Allegations of fraud, sleaze a turnoff to voters

Robocall - élection fédérale du 2 mai 2011 volée



Prime Minister Stephen Harper parried allegations from the opposition during Question Period on Tuesday.


Tim Harper - OTTAWA—Pierre Poutine from Separatist Street?
Why not toss a disposable cellphone registered to this fictional character into the toxic mess playing into the nation’s capital?
It played perfectly into the tenor of debate over the past couple of days, climaxed by a Tuesday Question Period dust-up over alleged election fraud in which Prime Minister Stephen Harper merely parried allegations of sleaze from the opposition benches by tossing their sleaze back at them.
It’s quite an appealing picture — previously anonymous Twitter details of a cabinet minister’s divorce, robo-calls by the NDP aimed at an MP who defected to the Liberals and sanctimonious stonewalling on the government side.
There may have been orchestrated vote suppression last spring, but there’s a lot of vote suppression going on here every day.

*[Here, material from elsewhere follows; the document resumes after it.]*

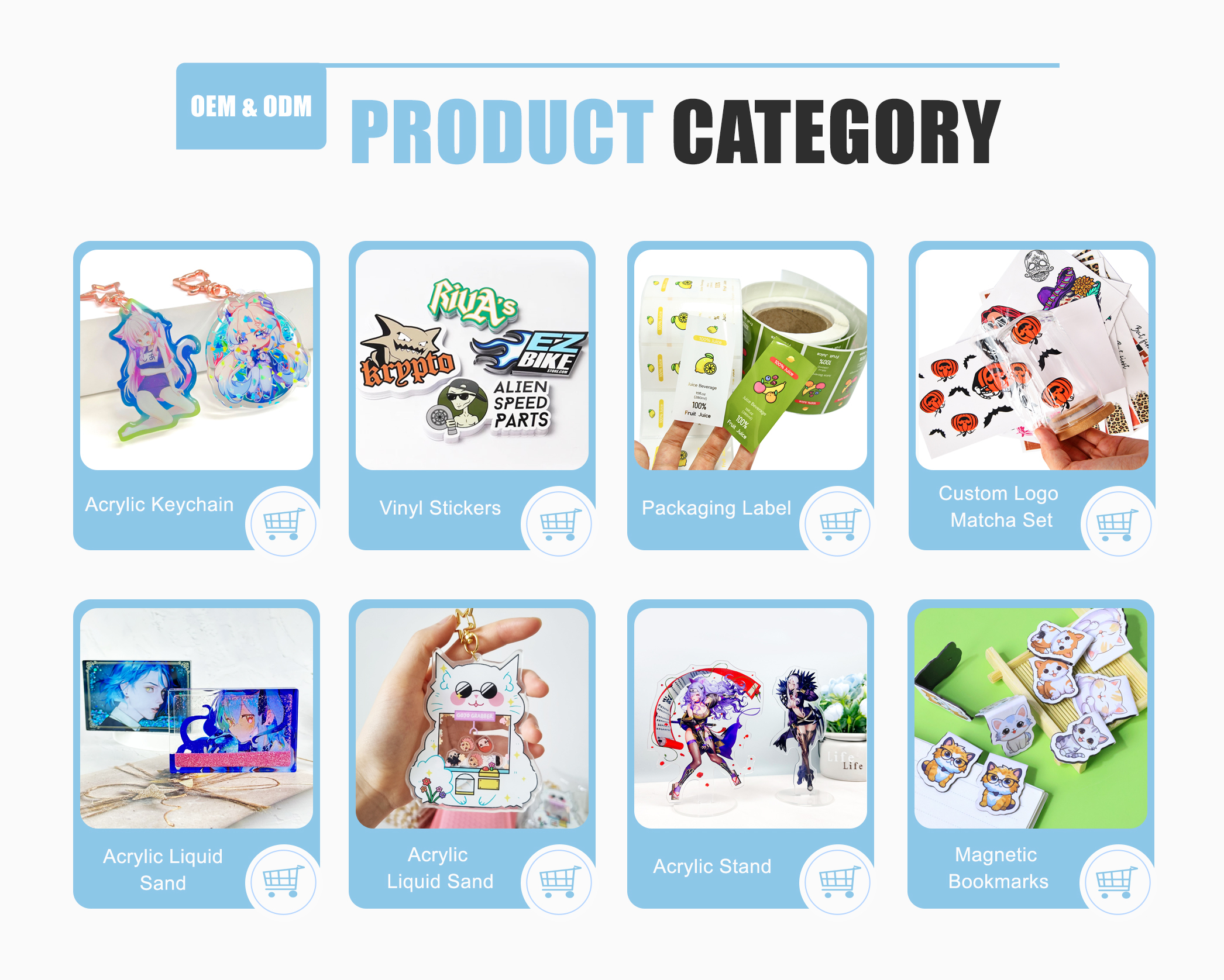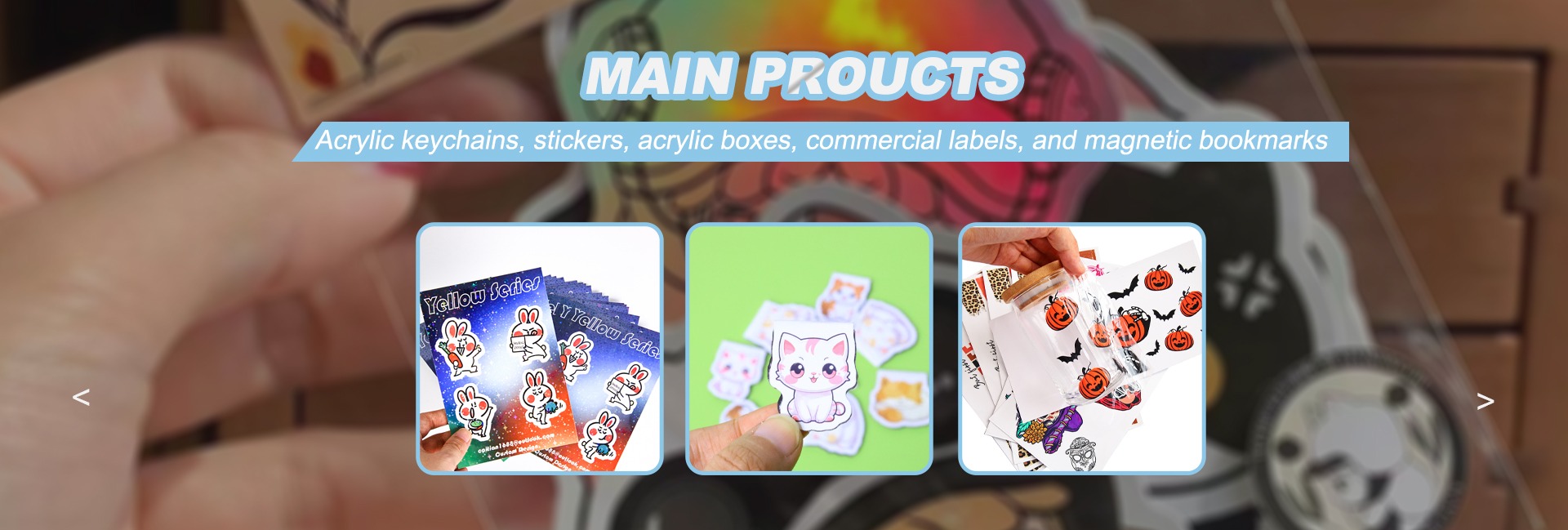 Productos principales:Llavero acrílico, pegatinas, caja acrílica, etiqueta comercial, marcapáginas magnético

This country already has a problem with voter engagement, fuelled by an overriding view among many Canadians that their votes don’t count, that all politicians are the same, that they all play dirty.
They see broken promises, juvenile name-calling in the House of Commons and hyper partisanship trumping reasoned debate and hit the remote.

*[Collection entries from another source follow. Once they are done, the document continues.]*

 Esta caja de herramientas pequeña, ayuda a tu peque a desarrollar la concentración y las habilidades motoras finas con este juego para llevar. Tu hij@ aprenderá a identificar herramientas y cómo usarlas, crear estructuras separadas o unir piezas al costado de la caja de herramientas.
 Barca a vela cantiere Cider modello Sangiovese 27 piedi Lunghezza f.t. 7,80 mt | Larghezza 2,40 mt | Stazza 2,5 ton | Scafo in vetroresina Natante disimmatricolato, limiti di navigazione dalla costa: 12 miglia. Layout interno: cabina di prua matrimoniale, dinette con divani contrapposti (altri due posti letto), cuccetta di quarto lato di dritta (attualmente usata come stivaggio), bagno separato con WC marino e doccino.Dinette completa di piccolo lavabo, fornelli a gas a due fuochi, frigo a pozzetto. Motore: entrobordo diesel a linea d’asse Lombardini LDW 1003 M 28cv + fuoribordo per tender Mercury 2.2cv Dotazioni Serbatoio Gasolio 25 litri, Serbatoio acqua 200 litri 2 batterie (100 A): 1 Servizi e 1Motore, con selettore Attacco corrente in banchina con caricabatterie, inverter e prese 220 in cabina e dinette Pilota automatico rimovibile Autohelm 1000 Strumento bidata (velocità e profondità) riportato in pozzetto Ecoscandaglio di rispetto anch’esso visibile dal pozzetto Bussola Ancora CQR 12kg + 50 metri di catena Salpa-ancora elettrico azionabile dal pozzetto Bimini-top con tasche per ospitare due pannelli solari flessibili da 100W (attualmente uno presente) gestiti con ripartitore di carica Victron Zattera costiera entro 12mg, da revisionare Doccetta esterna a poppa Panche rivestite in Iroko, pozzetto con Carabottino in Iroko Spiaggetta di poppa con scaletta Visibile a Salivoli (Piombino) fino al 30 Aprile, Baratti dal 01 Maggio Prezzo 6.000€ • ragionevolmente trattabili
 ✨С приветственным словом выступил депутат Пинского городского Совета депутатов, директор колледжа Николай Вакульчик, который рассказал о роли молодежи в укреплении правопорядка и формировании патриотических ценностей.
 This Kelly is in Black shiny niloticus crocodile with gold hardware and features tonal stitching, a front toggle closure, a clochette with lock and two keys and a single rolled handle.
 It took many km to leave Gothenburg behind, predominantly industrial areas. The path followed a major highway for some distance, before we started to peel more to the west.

Three things have to happen, and happen quickly, before we all must gird ourselves for an even more disengaged electorate and a voter turnout in 2015 that could convulse the nation.
First, Canadians have to get angry.
When the Conservatives twice shut down this place there were sporadic protests and rallies packed with opposition operatives, but most Canadians couldn’t spell prorogue, let alone care about the ramifications.

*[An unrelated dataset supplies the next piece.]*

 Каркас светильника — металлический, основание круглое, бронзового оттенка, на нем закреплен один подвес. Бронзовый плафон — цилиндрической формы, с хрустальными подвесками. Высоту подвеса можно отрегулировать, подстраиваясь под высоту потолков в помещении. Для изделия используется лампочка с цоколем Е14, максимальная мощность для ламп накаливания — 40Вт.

When they were found to have violated Elections Canada spending rules in the so-called “in-and-out” case, Canadians not only yawned, they couldn’t understand the accounting skullduggery.
When they were found in contempt of Parliament, Conservative strategists boldly stated that a breach of an arcane rule would make no difference to voters, and they were right.
When they booted unfriendlies from their campaign rallies, limited journalists to a set number of questions and used supporters to boo the questions they didn’t like, the nation shrugged.
But, if there was a concerted effort to disenfranchise voters, this country can no longer shrug, or it deserves what it gets.
For a little inspiration, look to the women of the Responsive Marketing Group call centre in Thunder Bay whose stories were told by the Star’s Tonda MacCharles.
They have no dog in this fight, no political agenda, but they had a conscience and they felt they were doing something wrong, sending voters to the wrong polling stations on election day.
They went to the RCMP and Elections Canada and were largely met with indifference.
That shows why the second thing that must happen is the establishment of an independent, transparent inquiry to disentangle the various tentacles of this story.
If there is culpability, there must be accountability.
The Conservatives claim they were only targeting their own voters with their robo-calls and scripted calls.
They point out that 127 polling locations were changed by Elections Canada in the days before the May 2 vote.
“We have done absolutely nothing wrong,” said Dean Del Mastro, Stephen Harper’s parliamentary secretary, a blanket denial that screams out to be tested.
There are too many questions to limit this to a riding in Guelph or a call centre in Thunder Bay or a robo-call centre in Edmonton.
To dismiss these allegations as “shenanigans,” as one Conservative did in a conversation with The Globe and Mail, is to insult the Canadian voter.
Tuesday, Harper predictably turned the tables on Bob Rae, taunting him on the Vikileaks firing each time the interim Liberal leader raised the election fraud allegations.
The fact that he had the Vikileaks ammunition should serve as a wakeup call for anyone armed with social media, a robo-caller or a sympathetic journalistic ear and a score to settle.
That’s the third imperative — this type politics of personal destruction has to end.
If the high road is too high to be scaled, maybe it is best to appeal to the more base partisan instincts at play.
The old adage holds true — you play in the mud, you (and your party) gets dirty.
If Canadians don’t get angry, demand an independent probe and an end to the sleaze in this town, we’ll all be looking back at the 61.1 per cent voter turnout of 2011 as the golden age of Canadian democracy.